Шурочка вдруг ощутила, что жить не сможет далее без пополнения образования. Причем именно в полюбившейся области: в рабочем вопросе. Как ни восхищалась она работящими сестрой и матерью Владимира Коллонтая, трудиться сама она не желала. Ну, что за глупости, еще не хватало! Другое дело — учить трудиться других. А вернее — не трудиться. Эта неугомонная скандалистка постепенно поняла, что самое интересное — не свару в собственном доме затевать, не мужа с любовником ссорить. А вот устроить скандалище в мировом масштабе — это как раз ей по нраву. «Мы на горе всем буржуям мировой пожар раздуем, мировой пожар в крови — Господи, благослови!..» Этих строчек Блок тоже еще не написал. Но напишет. А раздувать мировой пожар будет Шурочка Домонтович‑Коллонтай. Лично и в компании с другими такими же неугомонными поджигателями.

В начале было Слово… Ее давно влекла писательская слава. Тянуло писать романы. Да только кому они нужны? Их лучше не писать, а заводить! А писать — статьи об экономической эксплуатации, о тяжелом положении трудящихся, особенно почему‑то в Финляндии. Бог весть, почему ее в эту Финляндию так уж сильно потянуло? Быть может, потому что там находилось родовое имение матери Кууза, которое Шурочка обожала. Ну, так вот тебе, получи, Финляндия, за то, что в твоих лесах мне было так хорошо! Так или иначе, Шурочка, со своим бойким перышком и острым мышлением, со своим раскованным (это было в ту пору ново и оригинально) стилем довольно быстро завоевала признание читателей. Кроме того, она любила конкретные детали, и хотя подходила к делу дилетантски, на первый взгляд ее материалы казались весьма глубокими — они убеждали, завоевывали признание, Шурочка приобретала авторитет как специалист в своей теме, ее начинали принимать всерьез… Другое дело, что всерьез ее принимали такие же дилетанты, как она сама. Узок был круг этих революционеров, они по‑прежнему были страшно далеки от народа, они собственный барский бред принимали за его мечты… А в конце концов они навяжут этот бред народу и убедят его в том, что исполнили именно его вековые чаяния. Тем не менее Шурочка наваляла аж две книги — «Жизнь финляндских рабочих» и «К вопросу о классовой борьбе» — и начала третью — «Финляндия и социализм»…

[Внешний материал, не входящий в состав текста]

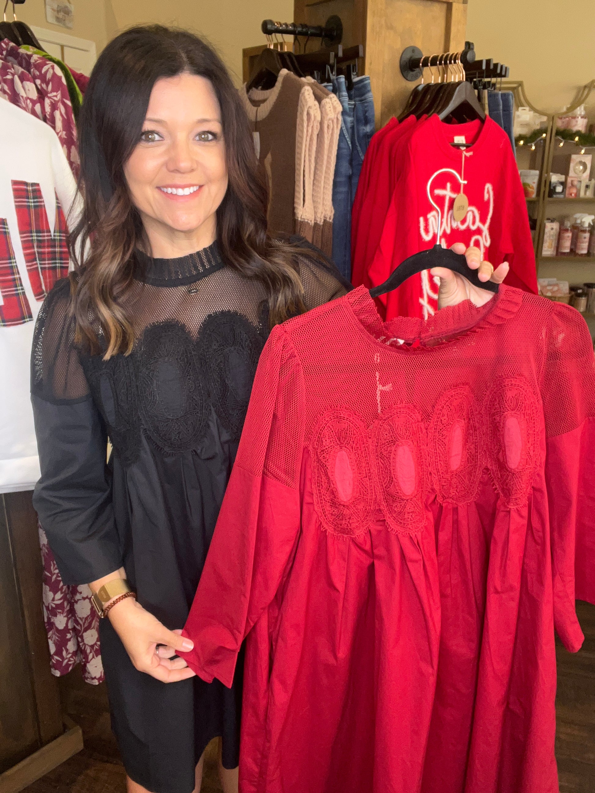 Embrace effortless style with this Crochet Lace Trim Accent Babydoll Dress. Featuring 3/4 sleeves and delicate mesh contrast, it adds a touch of intrigue while remaining breathable. The crochet lace trim enhances its feminine charm, and practical side pockets offer convenience without sacrificing elegance. A button closure on the back ensures a flattering fit, making this dress perfect for day-to-night wear.
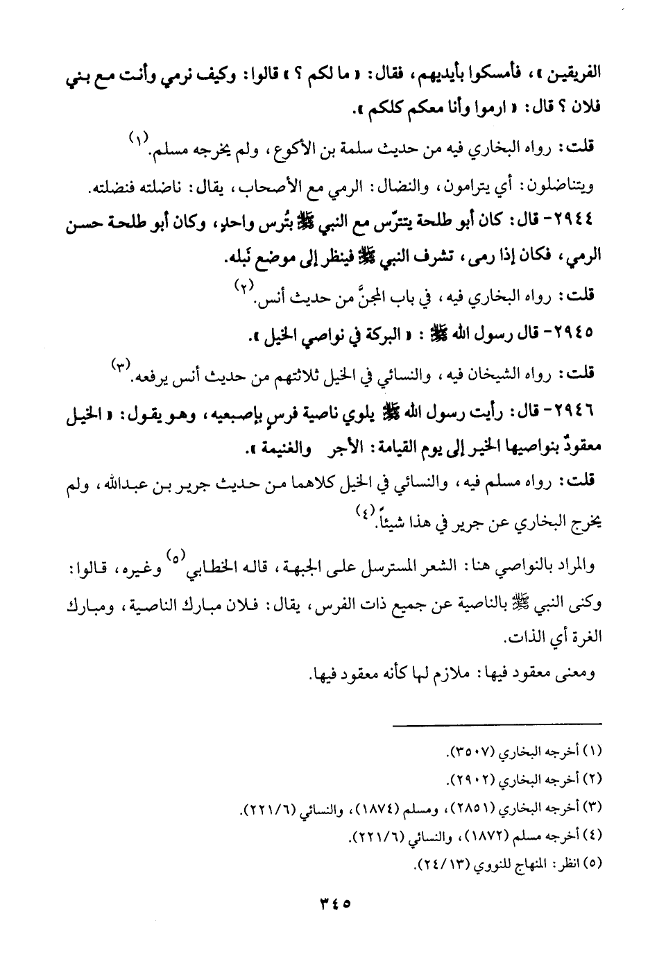 قلت: رواه مسلم فيه، والنسائي في الخيل كلاهما من حديث جرير بن عبد الله، ولم يخرج البخاري عن جرير في هذا شيئًا. (¬4)

Шурочка не все время проводила в Европе — периодически она появлялась в Петербурге. Свобода передвижений тогда была — езжай, не хочу! Никаких тебе проверок на благонадежность. Эх, вот жизнь была… Не ценили ее. Нет, не ценили!

В России она утешала мужа, она спала с Дяденькой, она нервничала, встречаясь с сыном, она сплетничала с Зоей, она похоронила отца, потом мать, но главное — она нашла для себя новую тему, поняв, что Финляндия, по большому счету, никому не интересна. Нужно шире подходить к проблемам… Вот например — женская тема! Это важно и нужно всем. Мужчинам, конечно, в меньшей степени, но женщинам…

Шурочка написала статьи «Роль феминисток и женщин‑пролетариев в движении за эмансипацию женщин» и «Проблема морали в положительном смысле», которые весьма заинтересовали ее будущих соратников. Тема была модная, а авторша, по слухам, интересная женщина, хо‑хо!..

Это мнение вполне разделял Петр Петрович Маслов, знаменитый экономист, специалист по земельному вопросу, социал‑демократ, великий женолюб и в то же время подкаблучник своей супружницы Павлины, которая то ли била его, то ли выдирала последние волосы из реденькой его шевелюры (Шурочка готова была поклясться, что от свидания к свиданию Петенька выглядел все более облысевшим), однако имела над ним деспотическую власть. В половине десятого он выскакивал из постели Шурочки и мчался домой, чтобы быть там ровно в десять, не то… Ну да, кто бы сомневался, что у Шурочки с этим пухленьким инфантильным красавчиком очень скоро дойдет до постели? Родство душ, созвучие умов… К тому же пухленькие губки знаменитого экономиста очень приятно целовали главную эмансипатку всех времен и народов!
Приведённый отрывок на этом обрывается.